The synthesis and characterization (physical and electrochemical) of novel PdAu/Vulcan XC 72 electrocatalysts are described. The catalysts were prepared via deposition and activation of preformed bimetallic colloidal precursors. Physical characterization of the catalysts involved high-resolution transmission electron microscopy and powder X-ray diffraction. Electrochemically, the PdAu-catalysts were characterized by means of the thin-film rotating disk method and by differential electrochemical mass spectrometry. H 2, CO and CO/H 2 oxidations on PdAu/Vulcan electrodes with different bulk compositions were used as probe reactions to determine the CO tolerance of this catalyst system and its physical origin.
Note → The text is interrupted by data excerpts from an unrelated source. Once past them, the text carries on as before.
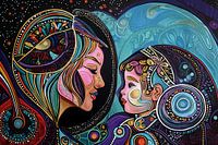 Digitaal schilderachtig beeld van surrealistisch fictief persoon of personen in een fantasiewereld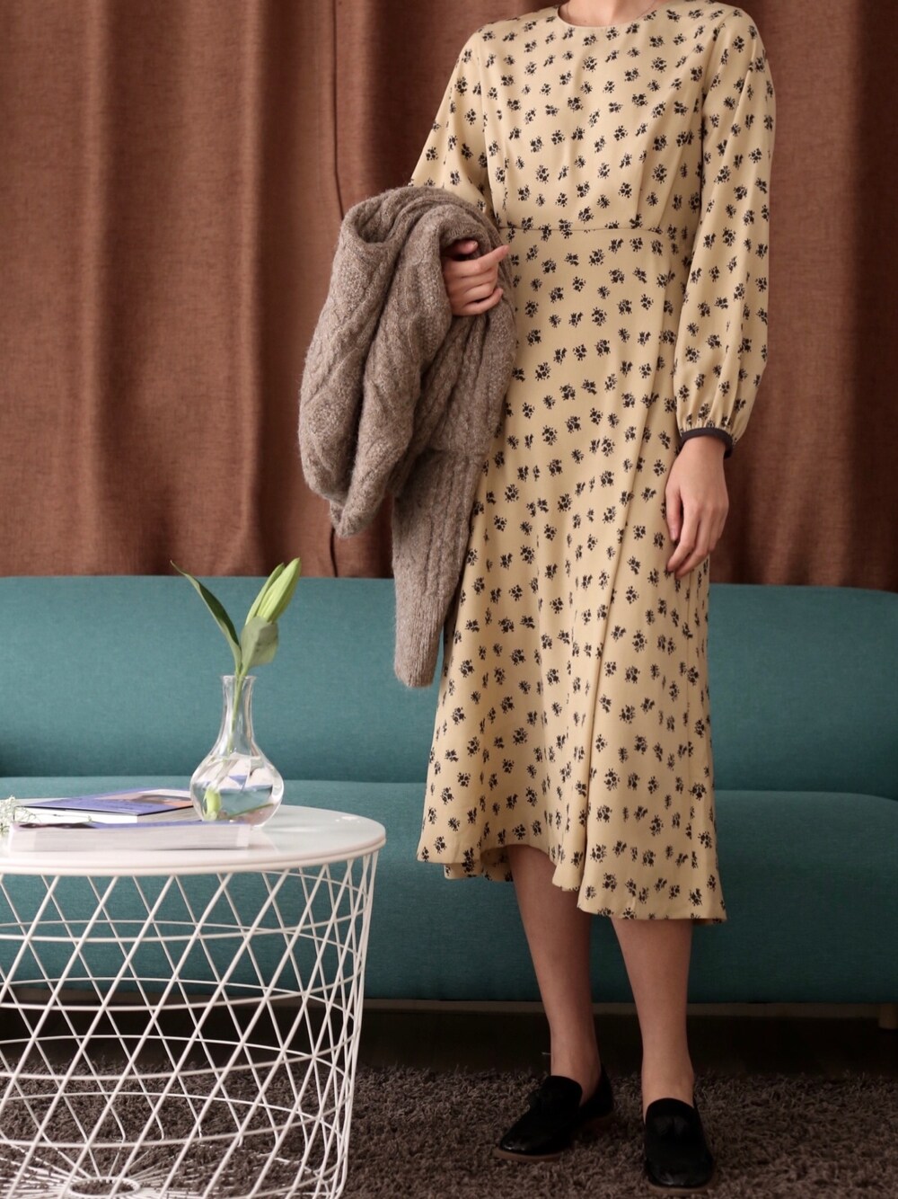 ベージュ系のワンピースを着用したレディースの秋コーディネートの1枚目の写真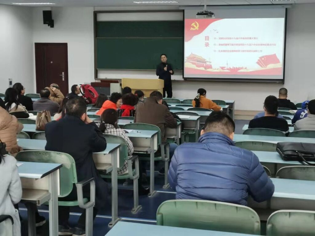 会上,党委副书记任源钢表示,党的十九届六中全会是承前启后、继往开来的里程碑,是在新的历史起点上,我们党为实现第二个百年奋斗目标、实现中华民族伟大复兴的中国梦的宣言书、动员令。全院教职工要把学习党的十九届六中全会精神当作当前工作的一项重大政治任务,把学习会议精神,与党史学习教育结合起来,加强思想政治引领,提高政治站位,把党的宝贵经验传承好、发扬好,牢记为党育人、为国育才的神圣使命,坚持立德树人根本任务,切实把全会精神转化为做好教育工作的强大动力。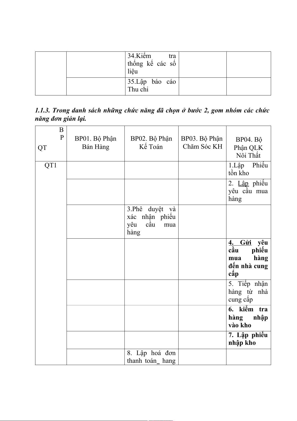 1.1.3. Trong danh sách những chức năng đã chọn ở bước 2, gom nhóm các chức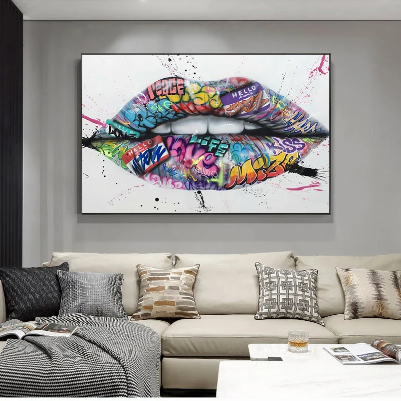 Абстрактное настенное Искусство граффити губы холст живопись современный популярный плакат внутреннее украшение для дома роспись (без рамки)

We propose that the CO-tolerance mechanism at low overpotentials for PdAu/Vulcan electrodes is governed by both a lower CO steady-state surface coverage compared to PtRu/Vulcan due to a lower CO adsorption energy and finite CO oxidation rates, which both result in free surface sites for H 2 oxidation to take place. At elevated temperatures (60°C) this effect is more pronounced, providing more free active Pd sites for H 2 oxidation. CO/H 2 oxidation measurements (1000 and 250 ppm CO) showed the superior activity of PdAu compared with a state-of-the-art PtRu catalyst at technically relevant potentials, especially in Pd-rich alloys.